# WORK ITEM
The required output is the run of lines from the one holding "This black dress" through the final line of the listing, restated word for word, with no pictures.

# THE DATA
________________
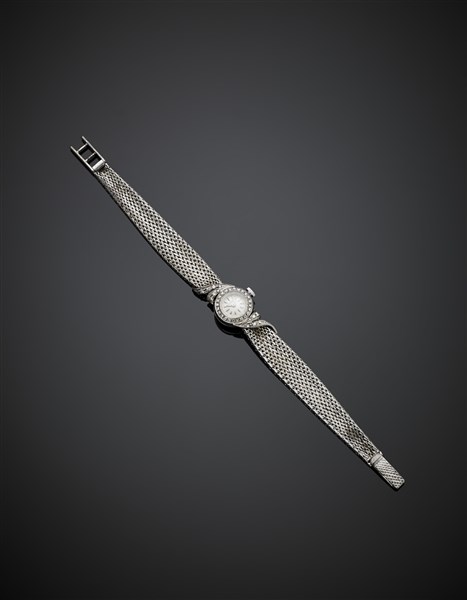 Orologio da polso da donna in oro bianco e diamanti per complessivi ct. 0,50 circa con bracciale in oro bianco intrecciato e in parte cesellato, g 46,47, lungh. cm 17,50 circa. Quadrante firmato Longines.
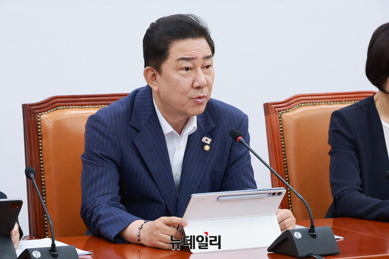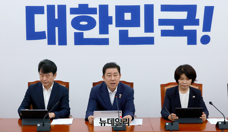 김병기 더불어민주당 원내대표가 19일 오전 국회에서 열린 원내대책회의에서 모두발언을 하고 있다.
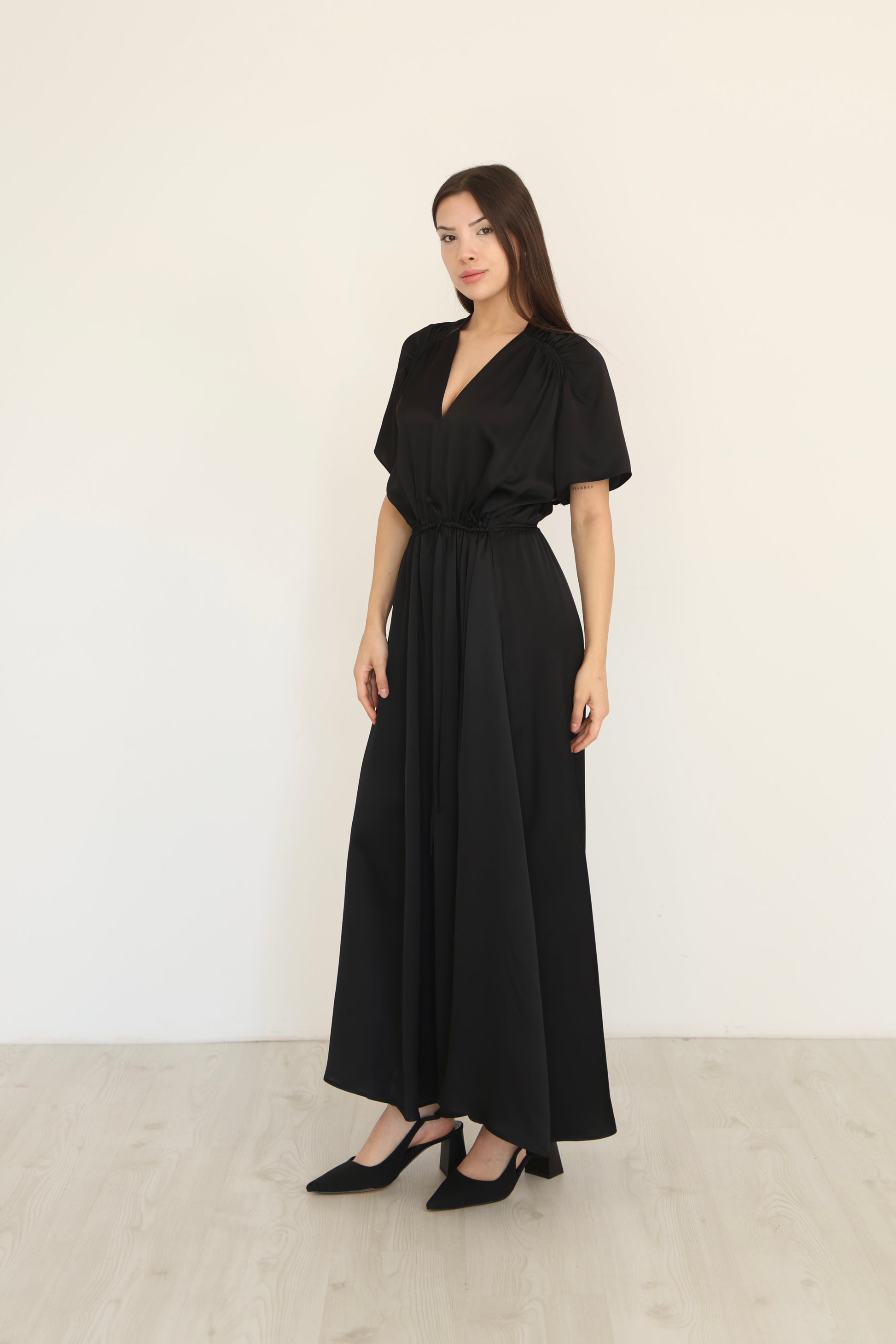 This black dress offers an elegant look with its V-neck design and drawstring waist. Its slit design completes your look while allowing for freedom of movement. The soft and lightweight viscose fabric offers comfort and breathability, ensuring all-day comfort. It's the ideal choice for both special occasions and everyday wear, adding a touch of distinction.
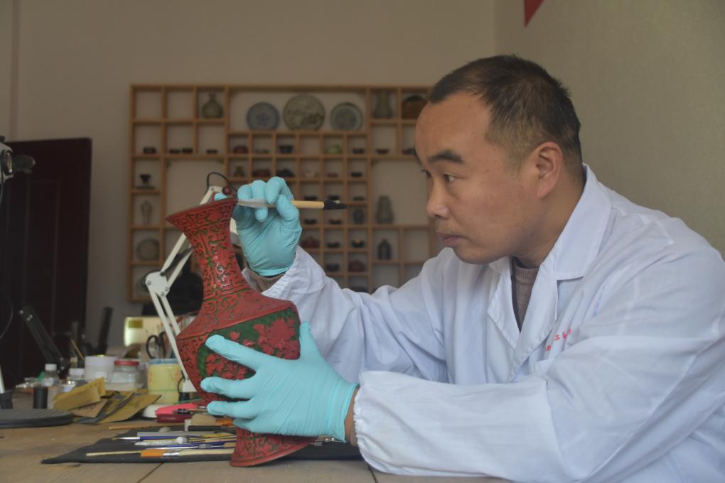在山东省菏泽市郓城县李程漆器馆内,32岁的打磨工李聚盟正在制作漆器,他向记者如数家珍地介绍起漆器制作的泥塑、模具翻制、刮灰、裱布、打磨、上漆等20余道工序。
________________
# TASK SOLUTION
 This black dress offers an elegant look with its V-neck design and drawstring waist. Its slit design completes your look while allowing for freedom of movement. The soft and lightweight viscose fabric offers comfort and breathability, ensuring all-day comfort. It's the ideal choice for both special occasions and everyday wear, adding a touch of distinction.
在山东省菏泽市郓城县李程漆器馆内,32岁的打磨工李聚盟正在制作漆器,他向记者如数家珍地介绍起漆器制作的泥塑、模具翻制、刮灰、裱布、打磨、上漆等20余道工序。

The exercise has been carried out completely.